Sound familiar? Yet, as I have already pointed out, there is another analogy: ‘the lotus blossom has its roots in mud’ (‘good’ has its roots in ‘evil’). I am curious to see which way you go in this venture of yours ... whether you will be in denial of your roots or in acknowledgement of your roots.

And indeed, for all of your fine-sounding rhetoric, poetic metaphors and tautological words you are certainly in denial of your roots (‘Good exists and no evil is to be found for it to be dependent on’). Next you may very well be telling me that there is ‘a love-that-knows-no-hate’ and ‘a compassion-that-sorrow-has-never-touched’ and ‘a beauty-wherein-there-is-no-ugliness’ and ‘a truth-that-has-no-false’ ... just as all the mystics do.

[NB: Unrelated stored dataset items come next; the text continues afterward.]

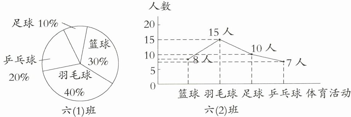 C. 喜欢羽毛球的人数六(1)班比六(2)班多 D. 喜欢篮球的人数六(2)班比六(1)班多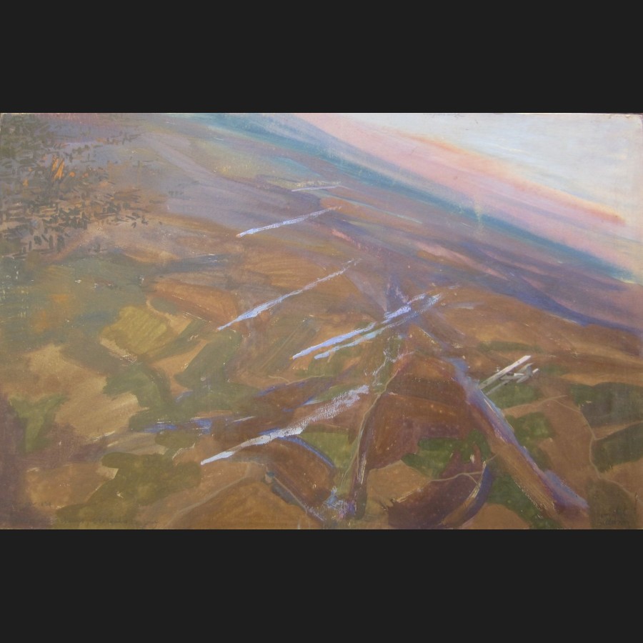 Michel PELLETAN, Biplan survolant les champs vers Quimper, tableau
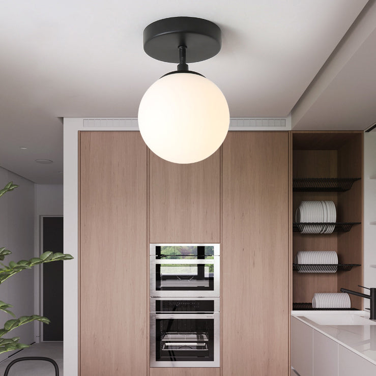 Modern Minimalist Iron Glass Globe 1-Light Semi-Flush Mount Ceiling Light For Living Room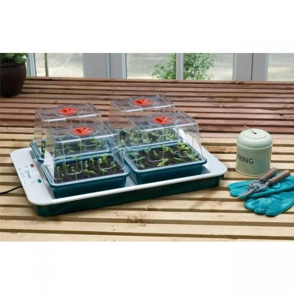 Kweek bloemen, groenten of kruiden in afzonderlijke kasjes. Deze vierdelige propagator is een complete verwarmde plantenkwekerij. De grootte van het toestel leent zich voor gebruik in een kas of op een tafelblad van de huiskamer. De verwarmde basis bevat een 50 Watt koolstofvezelelement voor gelijkmatige warmteverdeling en is voorzien van een ingebouwde vaste temperatuurthermostaat ontworpen voor de handhaving van een potgrondtemperatuur rond de 19 ° Celsius.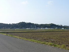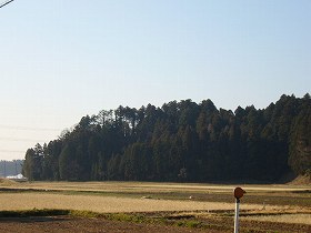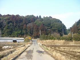 | (以前の記述)蕪木城は、金尾から松尾に向かう途中にあり、県道22号線(千葉八街横芝線)が城址の中央部分を2つに分断している。写真はその道路の西側から城址全体を見たところである。台地の比高は20mほどで、台地上への道は発見できなかったが、「蕪木城跡概念図」によると台地上の郭の周囲を二重に土塁と空堀が囲んでいたようである。 城主は干潟町の鏑木城の3代目である鏑木家胤の弟の常泰であったという。常泰は干潟の鏑木城からこの地に移ってきて蕪木城を築いた。「かぶらき」という地名がこの2つの城に共通しているが、何らかの関係があった土地なのだろう。 |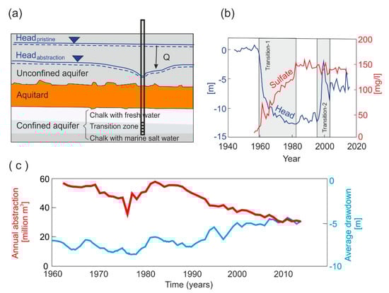 Case study of a set of confined coastal aquifers around Copenhagen (Denmark) (adapted from [8]). (a) The confined aquifer are generally formed by an upper layer of chalk with freshwater, an intermediate layer of transition zone with Mg and NaCl and a lower layer of Chalk with marine salt water. (b) Potentiometric heads from 1940 until 2014 experienced a 2–14 m decrease in the nearby potentiometric surface compared to the pre-pumping potentiometric surface recordings, meanwhile sulphate concentrations increased from less than 10 mg/L to around 140 mg/L after the maximum extraction period, compared to the earliest water quality parameters. (c) Total extraction since 1962 and the average dra-down at the 28 well fields. Note from 1990, the decrease in annual extraction could be modeled as an exponential decay function.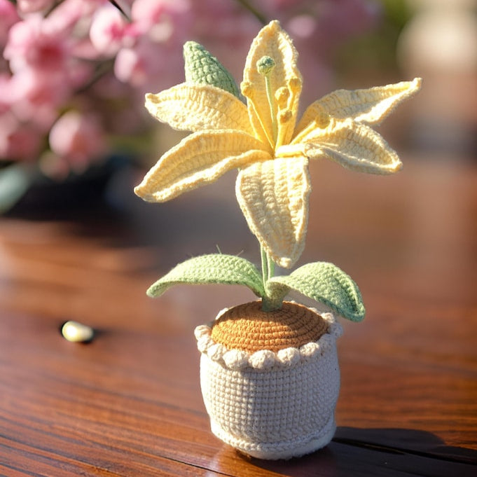 Design Featuring a delicately crafted crochet lily with detailed petals, lush green leaves, and a realistic bud, this arrangement is nestled in a soft yarn pot with a decorative scalloped edge.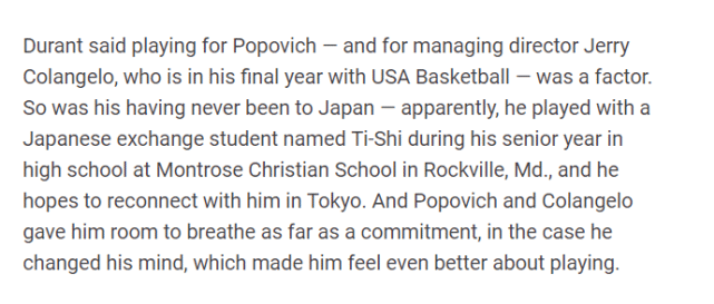 为美国男篮夺取金牌,当然是首要的因素,但杜兰特还提到了两个让他下定决心参加奥运的原因。其一,是他想为波波维奇打球,想为美国男篮主管科朗吉洛效力,这也是后者最后一次为美国男篮工作。其二,是杜兰特的私人原因。他告诉记者,自己从未去过日本,但在高中时曾和一位日本交换生Ti-Shi玩在一起。他希望能去东京和这位朋友重新建立联系。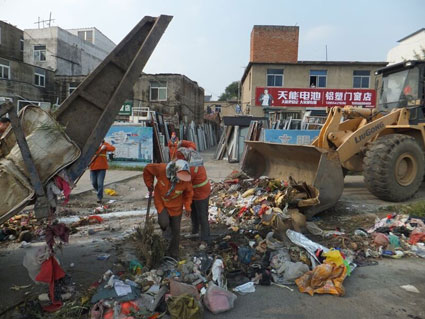 圖為大通區(qū)環(huán)衛(wèi)處徹底清理城區(qū)垃圾死角。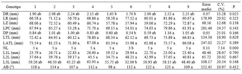 Dónde: DR= diámetro de rama principal; LR= longitud de rama principal; LZ= longitud de zarcillos; LPC= longitud de pecíolo; DP= diámetro de pecíolo; LTL= longitud total de limbo; LATL= longitud de ancho total de limbo; NL= número de lóbulos; L1L= longitud del primer lóbulo en sentido horario; L2L= longitud del segundo lóbulo en sentido horario; L3L= longitud del tercer lóbulo en sentido horario; AB= ángulo de la base.

I see that your responses in the remainder of this post get ever-more complicated and even more convoluted ... for example where you say (much further below):

• [Richard]: ‘It has been ‘done’ for at least 3,000 to 5,000 years of recorded history, it is currently being ‘done’ ...and will continue to be ‘done’ for as long as there are peoples such as yourself intent on preserving the ‘Tried and True’ instead of engaging in a discussion about the total absence of ‘good’ and ‘evil’ in this actual world.
• [Respondent]: ‘There is no-thing to discuss about the total absence of ‘good’ and ‘evil’ in this actual world. There is no argument that good and evil are totally absent in this actual world. It is accepted as fact.

Allow me to juxtaposition your two sentences so that you may see for yourself:

• [Respondent]: ‘Good exists and no evil is to be found for it to be dependent on’.
• [Respondent]: ‘There is no argument that good and evil are totally absent in this actual world. It is accepted as fact’.

Might I point out that the sentence ‘There is no argument that good and evil are totally absent in this actual world’ means that good and evil are totally absent in actuality (and does not mean ‘good exists and no evil is to be found for it to be dependent on’)? Which also means that if you are to further pursue this subject with me it would be worthwhile to acknowledge some basic starting-point issues so that you do not get lost in your own world of words again ... after which it may be possible to discuss flesh and blood bodies:

• [Richard]: ‘All is carefree in this actual world ... there is no ‘good’ or ‘evil’ here.
• [Respondent]: ‘Of the good in you I can speak, but not of the evil.
• [Richard]: ‘You do seem to be missing the point: there is neither ‘good’ nor ‘evil’ in this flesh and blood body.
• [Respondent]: ‘Good exists and no evil is to be found for it to be dependent on’.
• [Richard]: ‘Your poetic metaphors are an ever-more complicated way of disguising the fact that ‘good’ depends upon ‘evil’.
• [Respondent]: ‘Good and evil depend on no-thing save for a choice to be either good, or to be evil.
• [Richard]: ‘It must first be established that ‘good’ and ‘evil’ have any existence whatsoever outside of a fertile and imaginative ‘inner world’ (in order for the choice to have any meaning).
• [Respondent]: [you may insert your relevant response here].

Seeing the fact (that there is no ‘good’ or ‘evil’ here in this actual world) means no choice.